What to work on
The entries below contain a line with "We are overjoyed" and a line with "Foto: Van Links". Quote exactly those two lines and all lines between them.

Data shown
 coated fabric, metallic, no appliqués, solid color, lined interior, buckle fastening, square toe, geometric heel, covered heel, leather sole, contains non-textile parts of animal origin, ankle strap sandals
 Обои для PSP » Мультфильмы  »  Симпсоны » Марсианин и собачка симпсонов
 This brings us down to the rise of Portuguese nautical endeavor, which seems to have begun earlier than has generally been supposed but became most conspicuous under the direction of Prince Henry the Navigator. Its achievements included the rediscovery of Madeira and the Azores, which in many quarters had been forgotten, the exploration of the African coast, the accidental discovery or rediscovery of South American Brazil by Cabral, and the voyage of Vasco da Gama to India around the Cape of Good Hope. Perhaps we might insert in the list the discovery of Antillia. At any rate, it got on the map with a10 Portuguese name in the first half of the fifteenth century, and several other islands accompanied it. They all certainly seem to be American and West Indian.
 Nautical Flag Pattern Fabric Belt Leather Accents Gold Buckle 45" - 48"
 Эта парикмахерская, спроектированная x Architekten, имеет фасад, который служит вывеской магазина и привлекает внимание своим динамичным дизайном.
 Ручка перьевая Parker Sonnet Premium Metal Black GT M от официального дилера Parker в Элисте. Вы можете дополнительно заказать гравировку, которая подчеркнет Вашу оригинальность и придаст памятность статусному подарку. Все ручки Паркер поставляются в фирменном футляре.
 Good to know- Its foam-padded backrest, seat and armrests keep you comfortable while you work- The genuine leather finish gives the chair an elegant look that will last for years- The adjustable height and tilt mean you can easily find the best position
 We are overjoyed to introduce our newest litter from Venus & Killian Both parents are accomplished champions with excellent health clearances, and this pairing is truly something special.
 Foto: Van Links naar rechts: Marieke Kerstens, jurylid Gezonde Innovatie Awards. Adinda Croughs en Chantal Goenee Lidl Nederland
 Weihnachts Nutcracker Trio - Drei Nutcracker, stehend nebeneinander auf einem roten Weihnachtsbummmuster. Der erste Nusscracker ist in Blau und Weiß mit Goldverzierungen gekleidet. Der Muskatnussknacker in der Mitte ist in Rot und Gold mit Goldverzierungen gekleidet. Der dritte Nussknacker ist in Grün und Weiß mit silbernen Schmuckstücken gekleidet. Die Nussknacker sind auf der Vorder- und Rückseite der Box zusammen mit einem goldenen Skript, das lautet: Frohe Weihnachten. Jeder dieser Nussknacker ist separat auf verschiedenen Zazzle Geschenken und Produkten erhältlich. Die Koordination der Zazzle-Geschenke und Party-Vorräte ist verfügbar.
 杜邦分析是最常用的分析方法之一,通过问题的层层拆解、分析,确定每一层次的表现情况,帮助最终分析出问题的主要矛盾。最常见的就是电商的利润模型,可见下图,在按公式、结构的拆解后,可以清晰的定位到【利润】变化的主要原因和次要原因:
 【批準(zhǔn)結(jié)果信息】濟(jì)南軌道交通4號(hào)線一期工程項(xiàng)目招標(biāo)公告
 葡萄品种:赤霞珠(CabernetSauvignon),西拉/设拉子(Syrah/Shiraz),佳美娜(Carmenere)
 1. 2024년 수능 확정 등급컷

Solution for this task
 We are overjoyed to introduce our newest litter from Venus & Killian Both parents are accomplished champions with excellent health clearances, and this pairing is truly something special.
 Foto: Van Links naar rechts: Marieke Kerstens, jurylid Gezonde Innovatie Awards. Adinda Croughs en Chantal Goenee Lidl Nederland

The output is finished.